» BRIEF
Retype each line of the data below exactly, beginning with the first and ending with the one that contains "客席で歌を聴いていた看板猫ネロくん。". Pictures do not belong in the copy.

(Beginning of DATA SEGMENT)

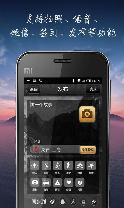 故事、活动、足迹等兼有的"野外"内容模块,让您轻松探索各类户外资讯和精彩游记。内置高精度GPS系统,配合详细地图标注功能,确保在任何环境下都能准确定位队友位置。您可以建立专属旅行圈子,记录旅途中的每个精彩瞬间,还能通过拍照、签到、发布等功能与好友实时互动。旅行活动板块帮助您快速找到志同道合的伙伴,而APP内置的去野商场则提供各类专业旅行装备,让您随时随地都能为下一次冒险做好准备。
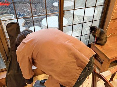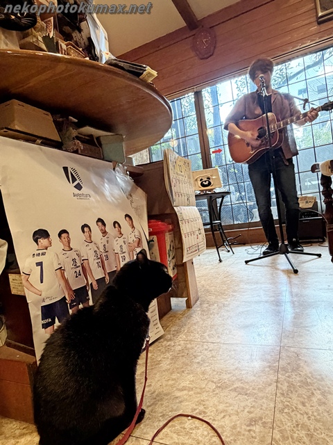 客席で歌を聴いていた看板猫ネロくん。
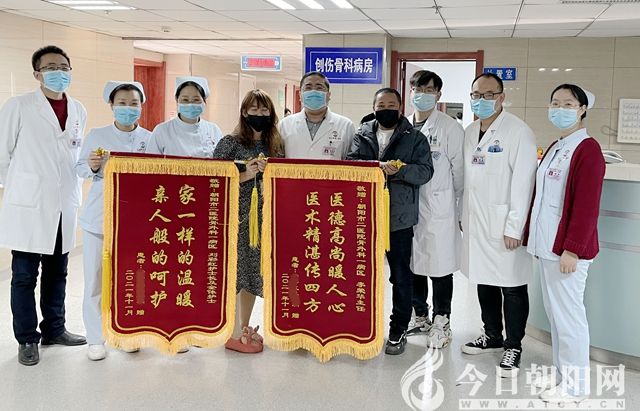 11月初,市二院創(chuàng)傷骨科收治了一名冒雪前來就診的外地患者。該患者因車禍傷導(dǎo)致骨盆骨折、骶骨粉碎性骨折、骶神經(jīng)受損,當(dāng)?shù)蒯t(yī)院因手術(shù)難度大建議其轉(zhuǎn)診二院治療,如果不盡快手術(shù),可能造成患者骶神經(jīng)損傷進(jìn)一步加重或無法恢復(fù),甚至留下終身殘疾?;颊邅淼蕉簳r,已伴有失血性休克,生命體征極不穩(wěn)定,情況十分危急。盡管手術(shù)難度大、風(fēng)險高,但作為醫(yī)生,只要有一線希望,都要努力搏一搏,經(jīng)過充分的術(shù)前討論及準(zhǔn)備,李榮華及其團(tuán)隊(duì)決定為患者實(shí)施骨盆及骶骨骨折微創(chuàng)手術(shù)。憑著精湛的手術(shù)技術(shù)和密切配合,手術(shù)順利進(jìn)行,術(shù)中出血不到10毫升,且術(shù)中術(shù)后均未輸血。術(shù)后,患者骶神經(jīng)損傷表現(xiàn)明顯緩解,骨折處翻身活動時疼痛感減輕。為了表達(dá)感激之情,患者家屬特意為醫(yī)護(hù)人員送來了兩面錦旗,感謝他們用精湛的醫(yī)術(shù)和高尚的醫(yī)德讓親人擺脫痛苦。

(End of DATA SEGMENT)

» REPLY TO THE TASK
 故事、活动、足迹等兼有的"野外"内容模块,让您轻松探索各类户外资讯和精彩游记。内置高精度GPS系统,配合详细地图标注功能,确保在任何环境下都能准确定位队友位置。您可以建立专属旅行圈子,记录旅途中的每个精彩瞬间,还能通过拍照、签到、发布等功能与好友实时互动。旅行活动板块帮助您快速找到志同道合的伙伴,而APP内置的去野商场则提供各类专业旅行装备,让您随时随地都能为下一次冒险做好准备。
 客席で歌を聴いていた看板猫ネロくん。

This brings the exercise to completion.